Note that the time series doesn’t really increase or decrease. It’s not drifting from the 0 line, but simply fluctuating around it. This leads me to believe that no differencing is needed for stationary as it pertains to non-periodicity. Let’s see if this is true and use the ‘auto.arima’ function. Again, this function will select the best ARIMA model with the best p,d,q parameters based on AIC scores of several models. Use the code below to create an ARIMA model.
Your script should look something like this:
# create ARIMA model precip_ARIMA <- auto.arima(monthlyPrecip[1:(length(monthlyPrecip)-100)],ic="aic",seasonal=FALSE)
The main difference from our previous MA example is I let the function choose the p,d, and q values as opposed to the pure MA where I set p and d to 0 to ensure a pure MA model was selected. Ignore the seasonal parameter for now; we will discuss this in more detail later on. When I run this, the model selected is ARIMA(5,0,1) which can be called ARMA(5,1). So, like we saw in the plot, the ARIMA model selected d=0; differencing is not needed due to trends in the data.
We can look at the summary metrics again (using summary()). The RMSE is 4.1 inches. You can also compare how the model predicted the training dataset observations. Remember, this is not the best approach because the model is using these observations. But let’s give it a try.
Your script should look something like this:
# plot Training Data vs Predictions plot.new() grid(nx=NULL,ny=NULL,'grey') par(new=TRUE) plot(precip_ARIMA$x,precip_ARIMA$fitted,xlab="Observed Precipitation (inches)", ylab="Predicted Precipitation (inches)",main="Observed Monthly Bangkok Precipitation vs Predicted ARMA", xlim=c(0,25),ylim=c(0,25),pch=16) par(new=TRUE) plot(seq(0,30,1),seq(0,30,1),type='l',lty=2,col='dodgerblue4',lwd=3,xlab="Observed Precipitation (inches)", ylab="Predicted Precipitation (inches)",main="Observed Monthly Bangkok Precipitation vs Predicted ARMA", xlim=c(0,25),ylim=c(0,25))
You should get this figure:
One of the things that hopefully popped out was the negative values once again. We must consider the constraints of the data and realize that our models don’t necessarily ‘know’ those constraints, so we must impose them ourselves.

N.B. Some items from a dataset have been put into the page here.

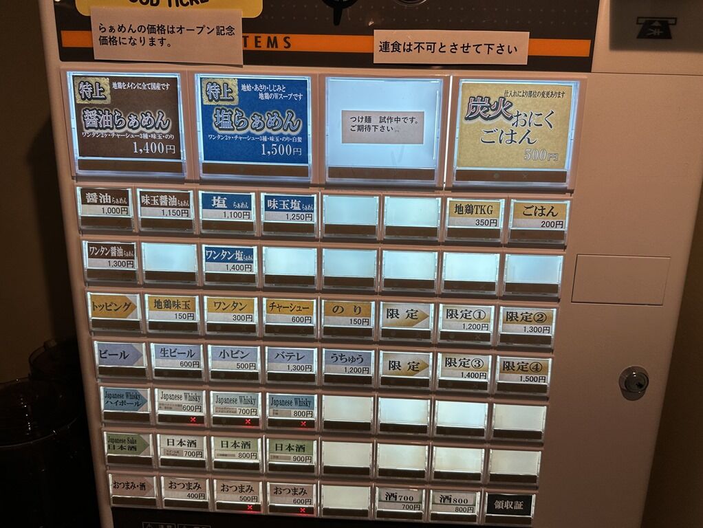 定刻3分前早開けオープン。2巡目先頭でしばらく待機。入店するとまず券売機で食券購入です。主なメニューは醤油らぁめん1000円、塩らぁめん1100円、炭火おにくごはん500円、地鶏TKG350円、他。オープン記念価格は前回と変わらず。つけ麺はまだ試作中。厨房・ホールは店主さんと女性のいつものフォーメーション。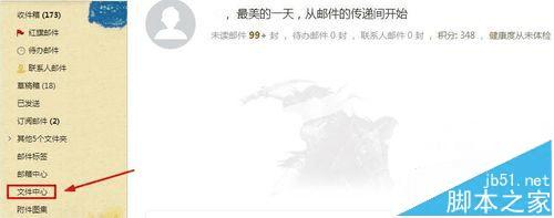 1、首先用自己账号登陆163邮箱,登陆邮箱以后,点击左侧的文件中心。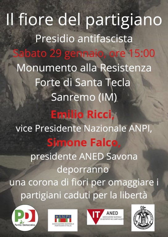 Sabato alle 15 è previsto un presidio antifascista presso il Forte di Santa Tecla. Emilio Ricci, vice presidente Nazionale ANPI, Simone Falco, presidente ANED Savona, Maurizio Caridi, Segretario cittadino del PD di Sanremo, Mario Parretta, Segretario del circolo PD di Sanremo, Giancarlo Di Remigio, Segretario del circolo PD di Coldirodi, e Claudio Vaniglia, Presidente della Federazione Operaia Sanremese, depositeranno un mazzo di fiori ai piedi del Monumento alla Resistenza per omaggiare i partigiani caduti per la libertà.

One of the great things about ARMA/ARIMA is the opportunity to update the model regularly. And in reality, we probably would update the model with new observations to adjust it ever closer to reality. So let’s go ahead and set up an algorithm that forecasts the monthly precipitation one month out using the most relevant observations to create a model. Then, we can plot the observations vs the predictions.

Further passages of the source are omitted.